Comme cette manière de combattre était toute nouvelle, les soldats ne pouvant ni entendre le bruit, ni voir les flammes produites par l’impact de l’obus, s’ils n’avaient pas déjà mené plusieurs batailles à l’artillerie, jamais les soldats n’auraient pu croire qu’ils étaient en mesure de détruire des forteresses et des villes ennemies sans même voir l’adversaire.
Si Hache-De-Fer avait choisi d’attendre le coucher du soleil pour lancer cette attaque, c’était pour deux raisons. D’abord, l’efficacité de l’œil Magique étant indépendante de la lumière, celui-ci pouvait guider les tirs nocturnes. Ensuite, comme les Bêtes Volantes ne pouvaient voler de nuit, les Diables seraient contraints de subir leurs tirs jusqu’au lever du soleil.
Les canons tiraient toutes les deux minutes, cependant, à l’exception d’un grondement lointain, rien ne semblait avoir changé vu du camp.

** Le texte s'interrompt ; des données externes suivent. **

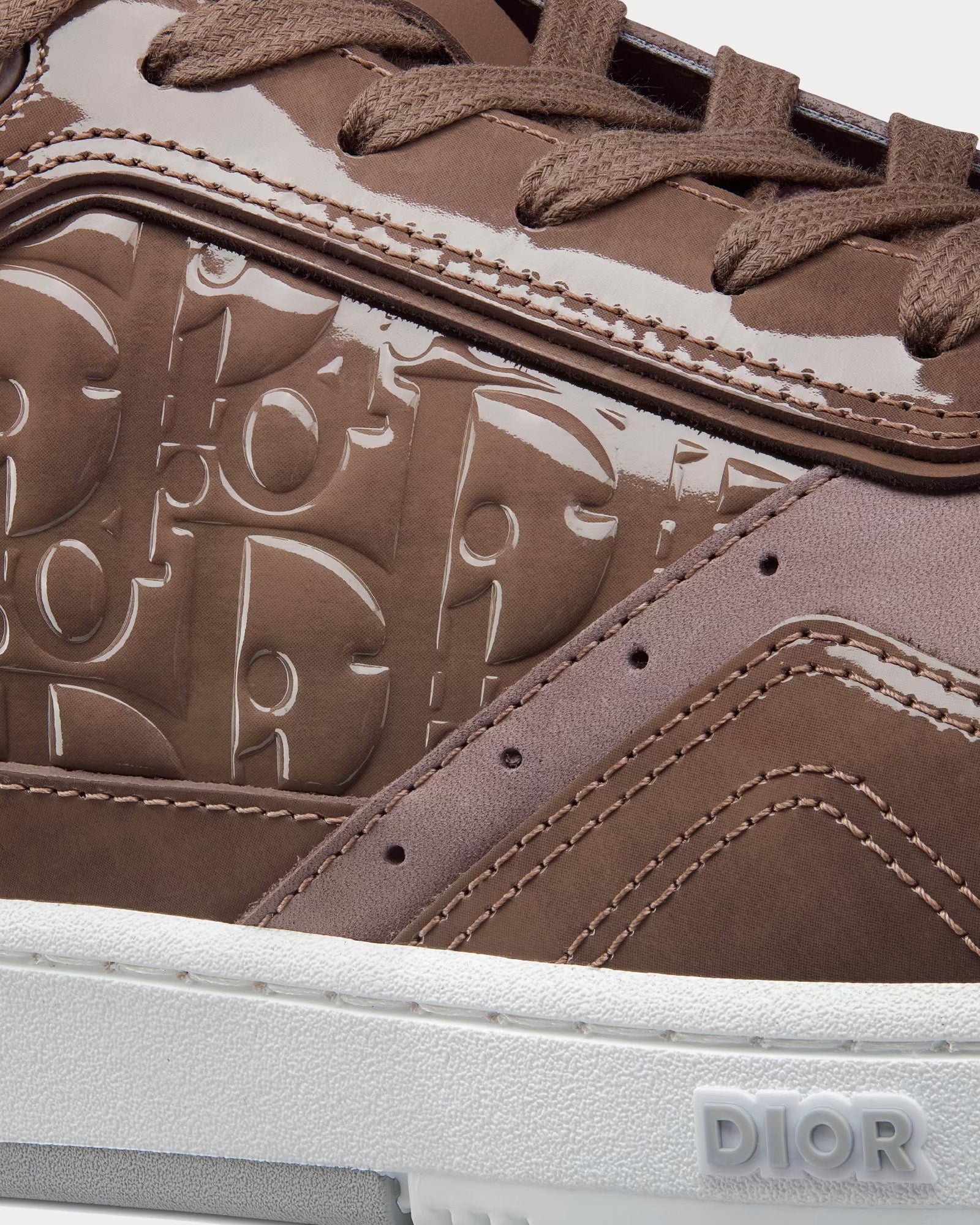 Les baskets basses pour hommes Dior B27 en cuir de veau verni prune et cuir Dior Oblique Gravity présentent un cuir de veau effet verni embossé du motif emblématique Dior Oblique, une languette signature CD Icon, la signature Dior sur la semelle et le talon, une cheville coussinée, une fermeture à lacets avec œillets CD Icon, une doublure en mesh technique et des semelles extérieures en caoutchouc noir.

Mais ce que voyait Sylvie, dix kilomètres plus loin, était totalement différent.
Les tirs répétés avaient totalement chamboulé le paysage et détruit en grande partie des dizaines de Pagodes de Pierre Noire. Lorsque les obus frappèrent la tour contenant la Brume Rouge, elles provoquèrent une explosion semblable à une éruption volcanique. Les pierres noires fusèrent de partout.
Mais la sorcière n’avait toujours pas localisé les Diables.
Au petit matin, alors que tous pensaient que l’ennemi avait abandonné son avant-poste, il se produisit quelque chose d’inattendu.
Une armée de Diables fit son apparition au Nord du camp militaire, à huit kilomètres du versant.
Au même moment, Sylvie aperçut une dizaine de Bêtes Volantes.
L’ennemi, invisible depuis plusieurs jours, marchait droit vers eux.